40年来続いている杉江家の年始行事であるけれど、小学校高学年からつい数年前まで嫌で嫌でしょうがない行事でもあった。初詣も両親と過ごすことも面倒で、退屈で、鬱陶しいだけだった。
それがどうしたことか今では一年で最も愛おしい日となり、心待ちにしている。青空の下、仲見世商店街の行列に並んでお詣りし、凶ばかりのおみくじを引いて、セキネで肉まんとシュウマイを買う。やげん堀で一味を、舟和で芋羊羹を手にし、つるやで鰻重を父親からご馳走になり、雷おこしを買って帰る。
毎年毎年まったく同じことをしており、それもまた以前は苦々しいことだったのに今は心底うれしい。

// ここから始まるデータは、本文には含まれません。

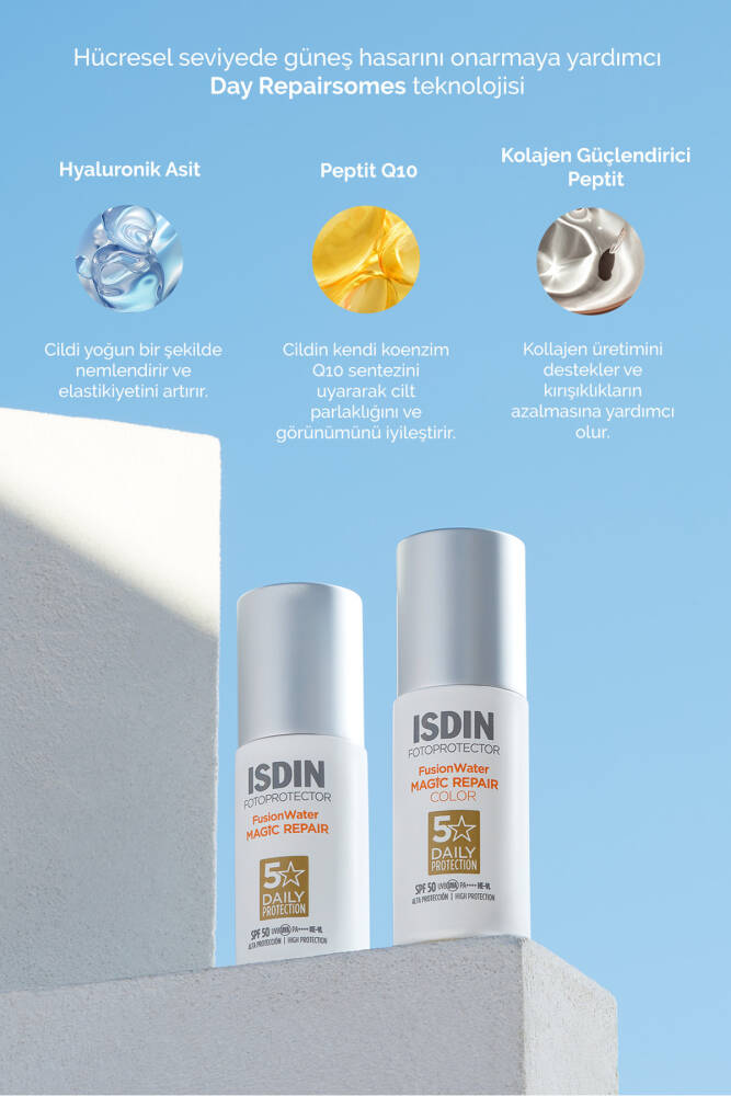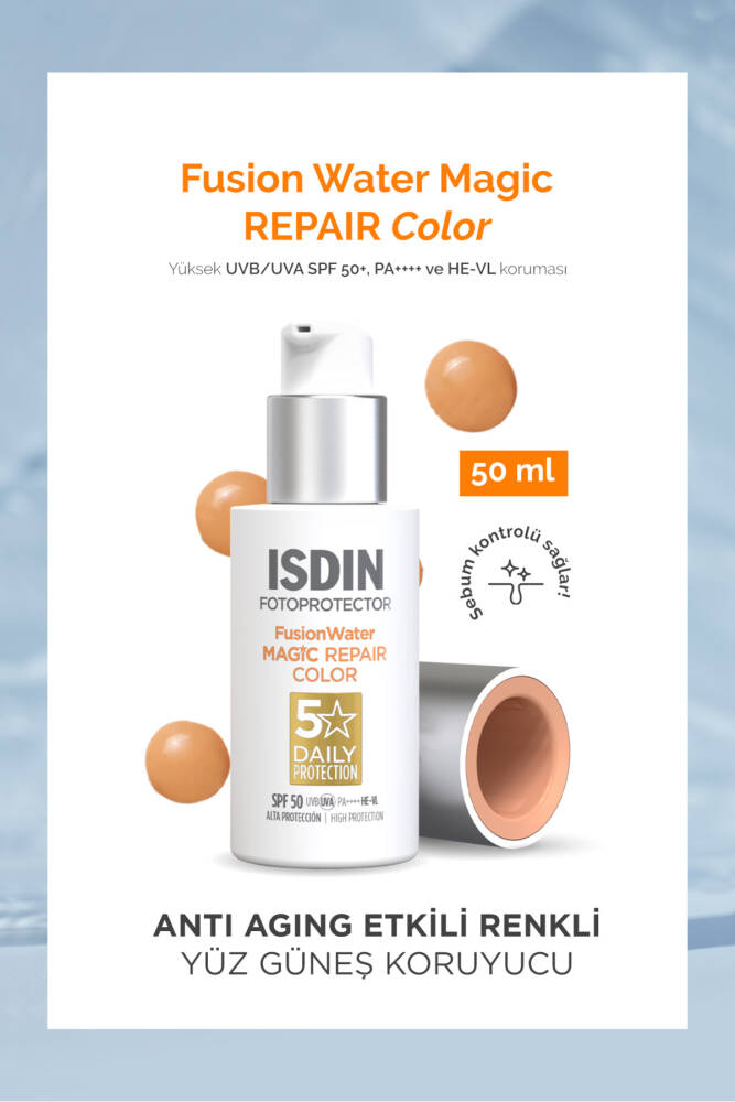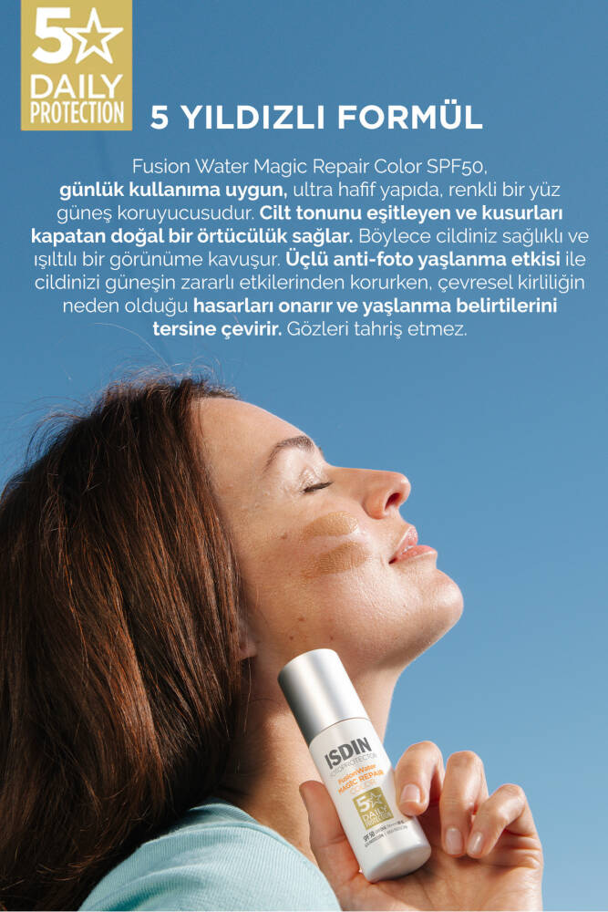 ISDIN Fusion Water Magic Repair Color SPF 50 , hem cilt koruması hem de doğal bir görünüm arayanlar için mükemmel bir tercihtir.

変化しないことを忌み嫌っていた若い頃と変化なきことに安心を感じる年齢になったということなのだろうか。
あと数年で傘寿となる母親が、鰻が苦手なので天ぷら定食を食べながら耳が遠くなりつつある父親の耳に口を寄せ、声をかける。
「お父さん、幸せだね。家族で浅草にお詣り来て、美味しいもの食べられて。あと何年来られるかね」
その母親はお賽銭を投げた後、なかなかお寺から出てこないと思ったら、行列に並んで我が娘のために合格守を買ってくれていた。